No domingo, toda a peonada foi até o açude. Lá chegando, notaram que a trouxa de roupa estava quase intacta. Havia umas poucas peças já lavadas e estendidas na cerca de arame que circundava o açude.
- Será que ele caiu e se afogou? - perguntou um.
- Não acredito - disse outro -. Ele nada muito bem e conhece esse açude melhor que qualquer um de nós.
Resolveram mergulhar e procurar, para não ficarem na dúvida. Mas o açude, apesar de pequeno, era muito profundo, e não conseguiram encontrar nada. Na segunda-feira, comunicaram ao major, que mandou chamar os bombeiros de uma cidade vizinha, já que no município em que se situava a fazenda não os havia.
Pelo meio da tarde, chegaram os bombeiros. Depois de ouvir o relato dos peões e de Capataz, o sargento ordenou aos dois soldados que o acompanhavam que mergulhassem e trouxessem o corpo de Silico.
- O homem está aí, com certeza! - disse o militar.
Quinze minutos depois, os soldados voltavam com o corpo. Pela posição em que estava o cadáver, com a cabeça enterrada na lama, e por outros detalhes relatados pelos soldados, o experiente sargento concluiu que a vítima fora empurrada. O major, que assistira ao resgate do corpo, chamou de lado o graduado e cochichou-lhe algo ao ouvido. Depois, um dos peões jura ter ouvido o major resmungar, de si para si, entre dentes: "Menos um vermelho!...". Mas o pobre moço não soube o que aquilo significava. E tampouco o narrador onisciente o teria sabido, à época.

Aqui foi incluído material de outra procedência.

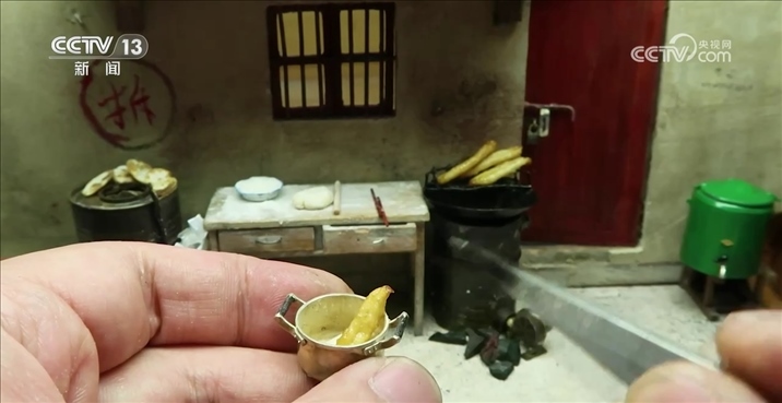 趙培藝:有一位網(wǎng)友外婆腿腳不好,沒(méi)有辦法回老家。然后他跟我說(shuō),能不能給他復(fù)原一個(gè)小的,給她放在床頭上讓她看著,大概拍了二十幾張照片,然后測(cè)量數(shù)值是測(cè)了大概三四次,他原本是什么材質(zhì),我就盡量去用什么材質(zhì),例如小的瓷磚,我都是去廠里訂的小陶瓷片,像地板之類的,我都是用手工燒的小紅磚去做。想家里了,一歪頭就能看到。

O corpo de Silico foi levado para o necrotério da santa casa local. Teria sido enterrado como indigente, não fossem os colegas que, nem se sabe como, se cotizaram, compraram o caixão e uma coroa de flores. E velaram o corpo até o dia seguinte, quando foi enterrado. No atestado de óbito, consta morte por afogamento acidental.
Na fazenda, tudo teria continuado como antes, não fosse a lembrança de Silico, com sua carona simpática, seu sorriso de orelha a orelha, sua fala firme e profícua, como boa semente, e seu cantar cristalino, a espalhar sons e cores onde tudo antes parecia tão quieto e cinzento. Na volta ao trabalho, todos entoavam "Plegaria a un labrador", de Victor Jara.
(*) Sanga: ribeiro pequeno e de pouca água. Termo muito utilizado pelos gaúchos de Brasil, Argentina e Uruguai.